The NSA does not automatically apply — insurers and providers frequently misapply it, ignore it, or attempt to use waiver arguments to circumvent it. The most common scenarios where you should invoke the NSA:

  • Emergency room visit at an in-network hospital where the treating physician was out-of-network — The NSA explicitly prohibits balance billing in this scenario regardless of provider network status
  • Scheduled surgery at an in-network facility where the anesthesiologist or assistant surgeon was out-of-network — These ancillary providers cannot balance bill when you chose an in-network facility
  • In-network hospital stay where a consulting specialist (radiologist, pathologist, hospitalist) was out-of-network — You had no opportunity to choose these providers
  • Air ambulance services from out-of-network providers — Covered by NSA; ground ambulance is the notable gap
  • Insurer processed the claim at out-of-network rates despite NSA protections applying — Your cost-sharing must be calculated at in-network rates

How to Dispute a No Surprises Act Violation

Request your Explanation of Benefits from the insurer for the date of service. Compare how the claim was processed: did the insurer apply in-network cost-sharing or out-of-network cost-sharing? Did the provider bill you for more than your stated in-network cost-sharing obligation? Under the NSA, your copay, coinsurance, and deductible must be calculated as if the provider were in-network, and these amounts count toward your in-network out-of-pocket maximum.
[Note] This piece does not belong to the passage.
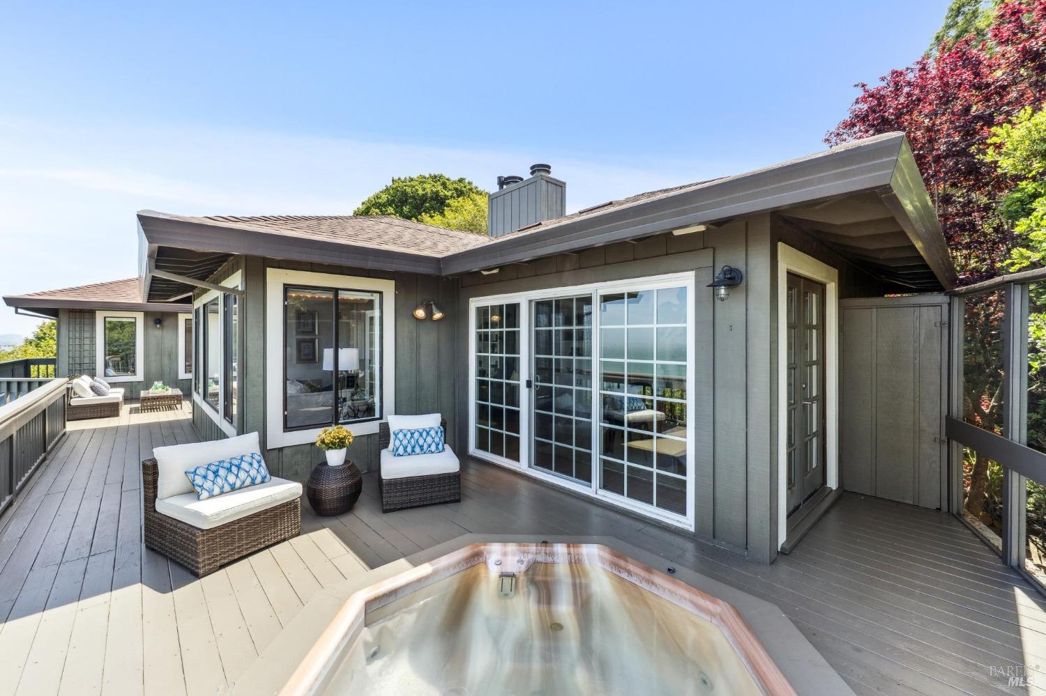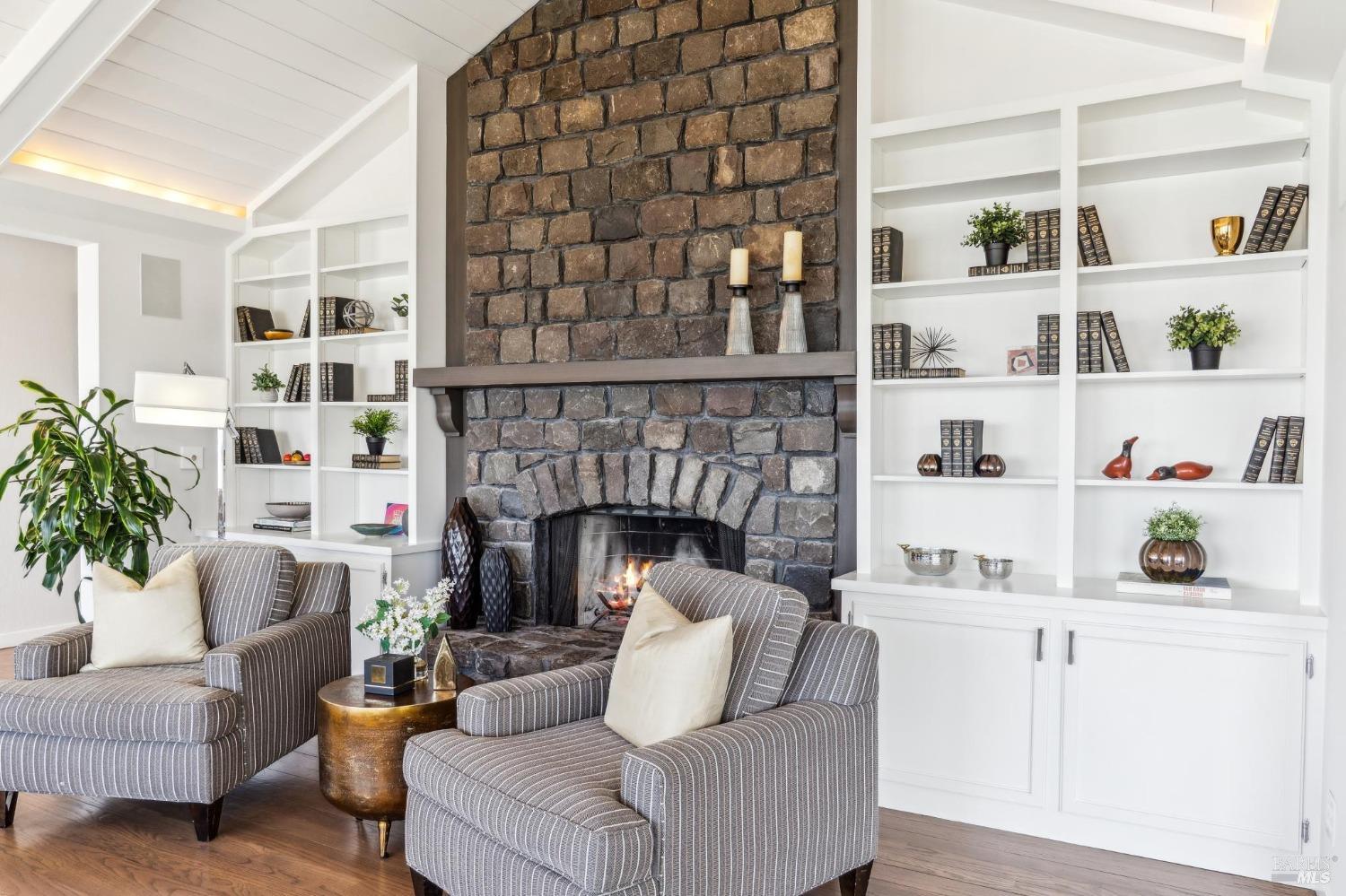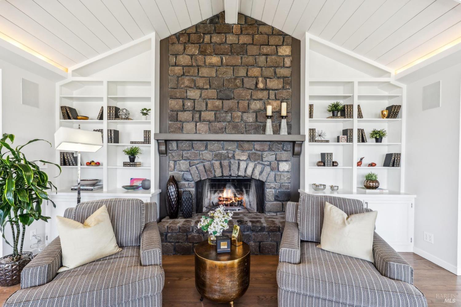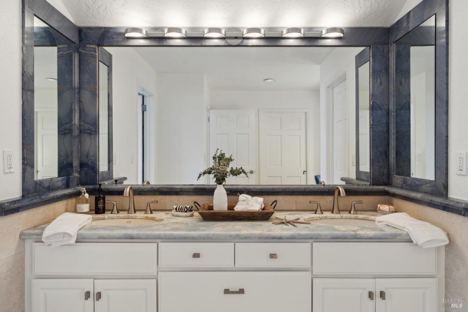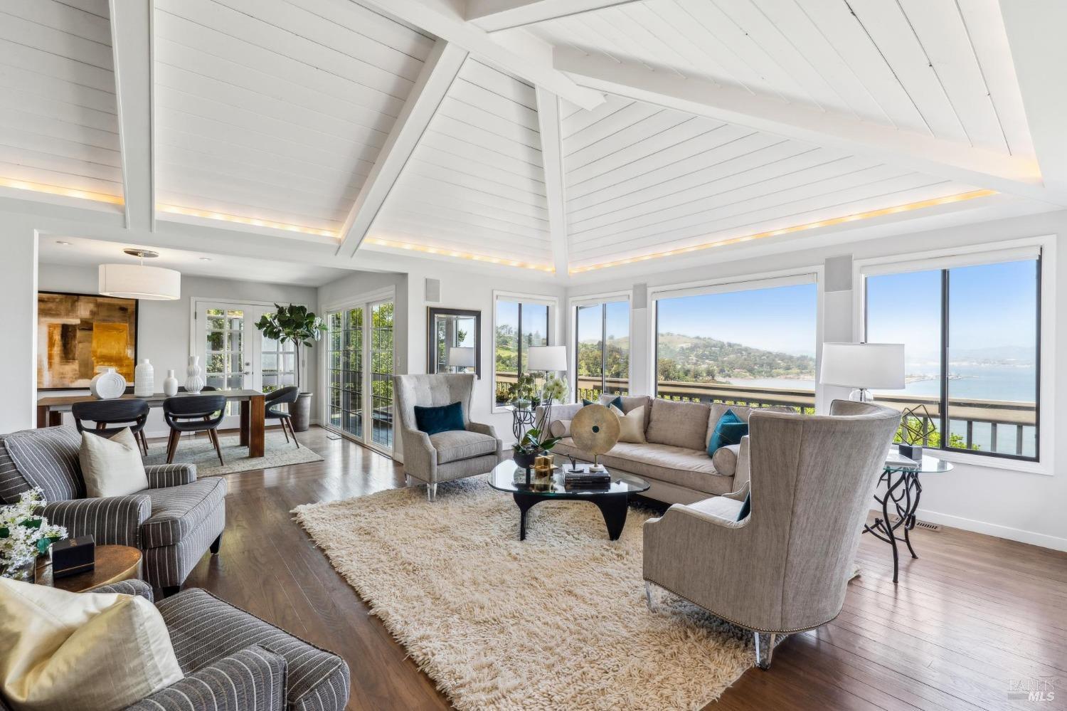 NEW PRICE! Experience luxurious coastal living in this stunning 4-bedroom, 3.5-bath home with mesmerizing water views. Every detail of this home has been thoughtfully curated to offer a lifestyle of comfort, sophistication & breathtaking beauty. The combined kitchen/family room offers vaulted ceilings w/ cove lighting, exotic fish aquarium, built-in library & media cabinetry, gas river-rock fireplace & sliding glass doors leading to the entry deck. Kitchen has 2 new stainless-steel ovens, new refrigerator, Viking gas stove w/ range hood and island w/ bar seating for casual dining. Living room & formal dining area open to a generous deck for indoor/outdoor flow. A stone gas fireplace in the living room provides cozy comfort on chilly days. Elegant primary suite with generous bedroom, large walk-in closet, private ensuite office, bathroom with marble counters, 2 sinks, separate vanity, shower stall w/ 2 heads & jetted tub overlooking the views. Downstairs: 2 more large bedrooms, hallway bath & 4th bedroom w/ ensuite bath & separate outside entrance. Sparkling resistance pool w/ waterfall fountains, jetted spa & interior/exterior sound system. 2-car attached garage + add'l pk. 2 storage areas + wine storage. $9,099 of HOA dues is for upcoming road maintenanc

Step 2: Contact Your Insurer to Demand Reprocessing

Call the member services number on your insurance card and use this script: "I am calling to dispute the processing of claim [number] for services on [date] at [facility]. This service is subject to the No Surprises Act because [it was emergency care / the provider was out-of-network at an in-network facility and I did not have an opportunity to select an in-network provider]. Under 42 U.S.C. § 300gg-111, my cost-sharing must be calculated at in-network rates. I am requesting reprocessing of this claim." Document the date, representative's name, and all reference numbers.

Step 3: Contact the Provider in Writing

Send a written letter to the provider's billing department: "I received a bill for $[amount] for services on [date] at [facility]. Under the No Surprises Act (42 U.S.C. § 300gg-112), you are prohibited from balance billing me for this service. My maximum liability is my in-network cost-sharing amount as determined by [insurer]. Please adjust this bill to reflect my in-network cost-sharing obligation. Providers who knowingly violate the NSA face penalties of up to $10,000 per violation under CMS enforcement authority."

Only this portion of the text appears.